In 1929, however, Clark recovered his form to miss 150 wickets by only one and play his first Test at Kennington Oval, where he was criticised for overdoing leg theory. The extreme financial difficulties faced by Northamptonshire – at one point the club was poised to exit the first-class arena – caused "Nobby" Clark to leave in July 1930 for league cricket. He returned to the county in 1932.

Clark, in early 1933, bowled as fast and as well as he ever had done. In the first match against the touring West Indians he took ten for 61 and in his first six matches 52 wickets for 574 runs. However, after that he was affected by injury but he still took eleven wickets in his two Tests and was chosen for the first Test-playing tour of India that winter.

Clark's 1934 season was again plagued by injury, but he was still regarded so highly that he played in two Tests against Australia. At Old Trafford he bowled well on one of the most docile of pitches but had no luck, but in the last Test at the Oval he took five for 98 including the valuable scalps of Brown, Ponsford, McCabe and Kippax.
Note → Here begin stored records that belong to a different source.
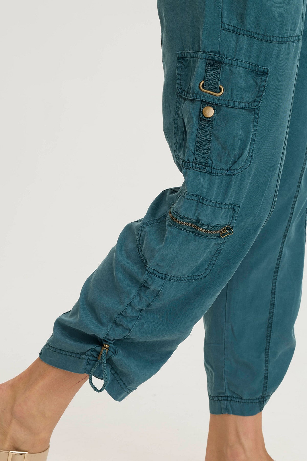 A corded side seam is featured on Selmy. Along with multiple cargo pockets, front and back pockets and a rib and drawstring waist, this crop is an easy first pick.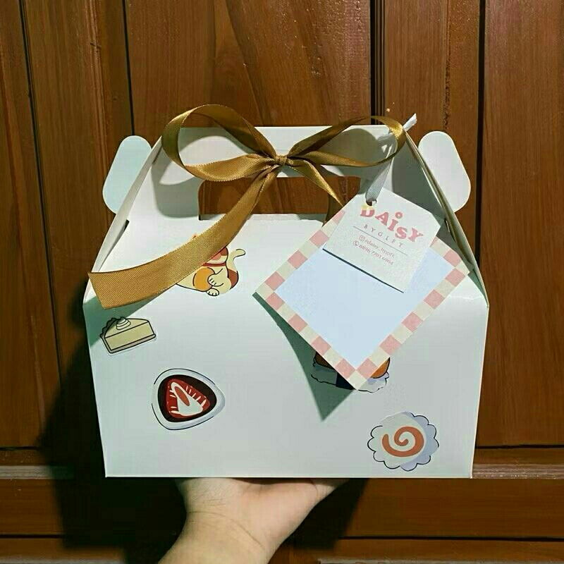 harga hanya untuk box aja free stiker dan pita yaa bisa req mau warna apa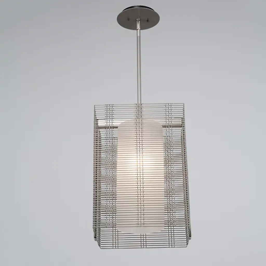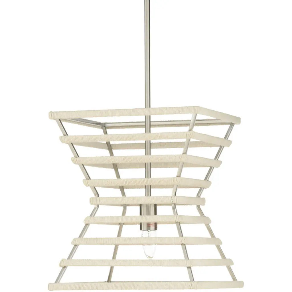 Bold with a sleek silhouette, the Rope Pendant makes a statement with pearlescent white rope wrapped around an hourglass shaped metal base with nickel finishing. It's the perfect fit for a modern or transitional setting. Designed by Elizabeth Wicker.

He also failed twice by the narrowest of margins to bowl Don Bradman.

In 1935 Clark was bowling for a Northamptonshire side growing weaker and weaker by the year: they lost thirteen consecutive matches in the second half of the season, in several of which "Nobby"'s bowling gave them the upper hand only for feeble batting to ruin their advantage. He would have played in the Old Trafford Test against the South Africans but for yet another injury, but, though he bowled well in an unfavourably wet summer in 1936, his age was already making it hard to maintain speed beyond a few overs and he was never considered for a Test place.

It was still a surprise, though, when Clark in 1937 declined so much apart from one haul of six for 29 against Essex that Northamptonshire, already so weak that they had not won any of their last 71 county matches, decided not to re-engage him. After the war in 1946, although he was forty-three, Northamptonshire surprisingly re-engaged "Nobby" and he showed himself still the fastest bowler for four or five overs in England. He was, however, quite naturally unable to bowl any long spell and consequently he did nothing exceptional. 1947 saw him play about half the matches before he retired for good as Northamptonshire's greatest-ever wicket-taker.